» **Requirement**: Quote only the lines that start at the line with "BELOS Women's Rhinestone" and run to the end of the entries; omit the pictures.

» **Stored dataset items**:
- Opening Delimiter -
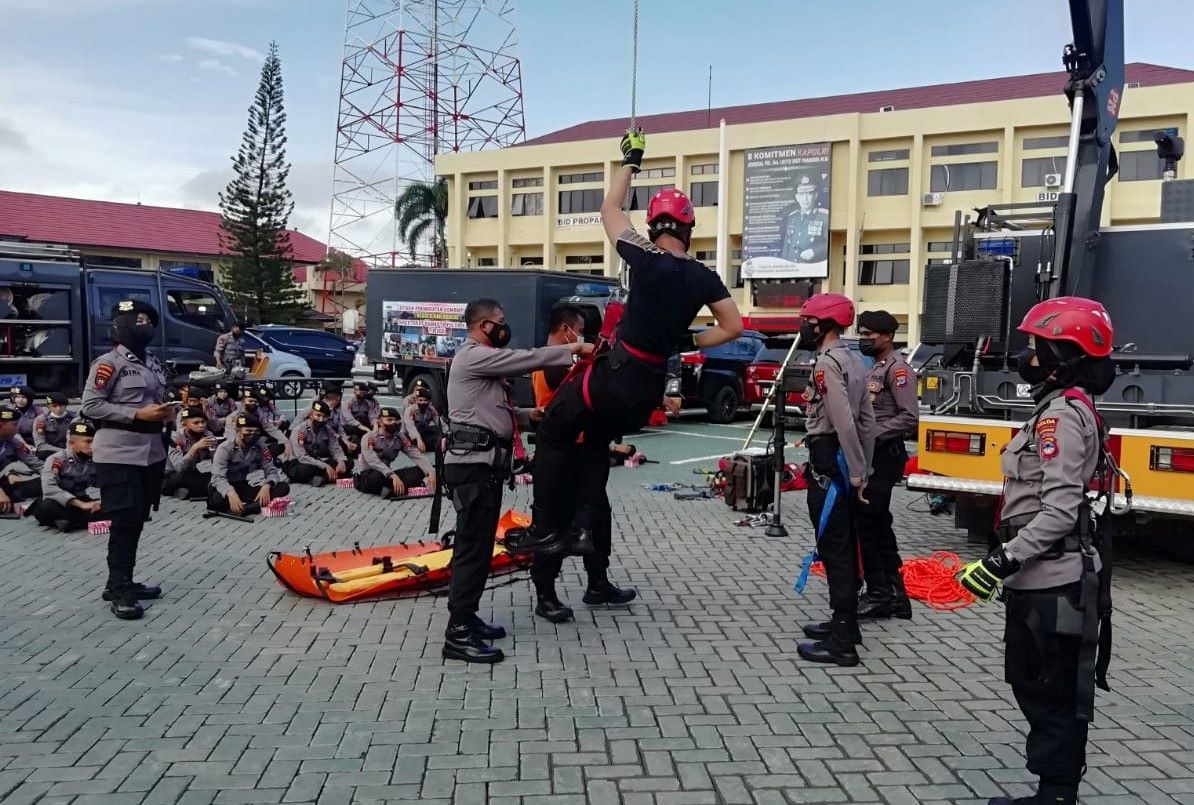 Banjarmasin, Polda Kalsel – Terkait beberapa peristiwa alam yang terjadi beberapa hari terakhir akibat peningkatan curah hujan disertai angin kencang di wilayah Kalimantan Selatan (Kalsel). Direktorat Samapta Polda Kalsel menggelar pelatihan Search And Rescue (SAR).
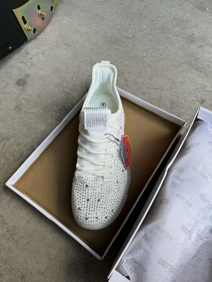 BELOS Women's Rhinestone Mesh Slip On Walking Shoes Fashion Breathable Spakle Glitter Sneaker
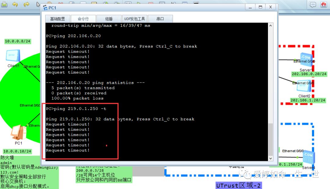 先来验证客户端是否能够和外网服务器通讯:如图所示,PC1是能够和外网服务器取得联系。
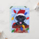 Whimsy och rolig Labrador Retriever-målning målad av Naomi Ochiai från Japan. En bedårande svart labradorvalp dyker upp ur skorstenen. :) Tomtehatt på huvudet. Svarta Labrador-valp Julkort och presenter för hundälskare som älskar svarta labradorer!! Du kan anpassa texten och mer!
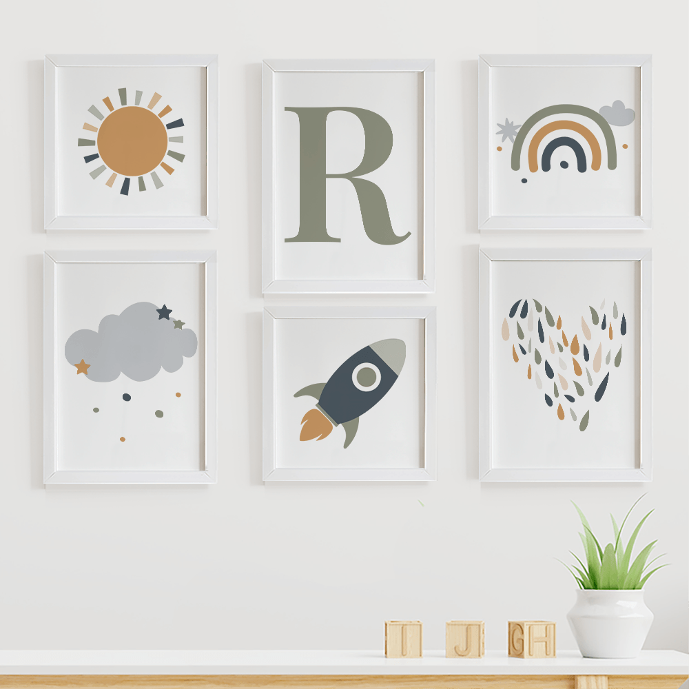 Quadros para quarto de bebê Nuvem Arco Íris Sol Foguete e Inicial do Nome
- Closing Delimiter -
» **Solved exercise**:
 BELOS Women's Rhinestone Mesh Slip On Walking Shoes Fashion Breathable Spakle Glitter Sneaker
 先来验证客户端是否能够和外网服务器通讯:如图所示,PC1是能够和外网服务器取得联系。
 Whimsy och rolig Labrador Retriever-målning målad av Naomi Ochiai från Japan. En bedårande svart labradorvalp dyker upp ur skorstenen. :) Tomtehatt på huvudet. Svarta Labrador-valp Julkort och presenter för hundälskare som älskar svarta labradorer!! Du kan anpassa texten och mer!
 Quadros para quarto de bebê Nuvem Arco Íris Sol Foguete e Inicial do Nome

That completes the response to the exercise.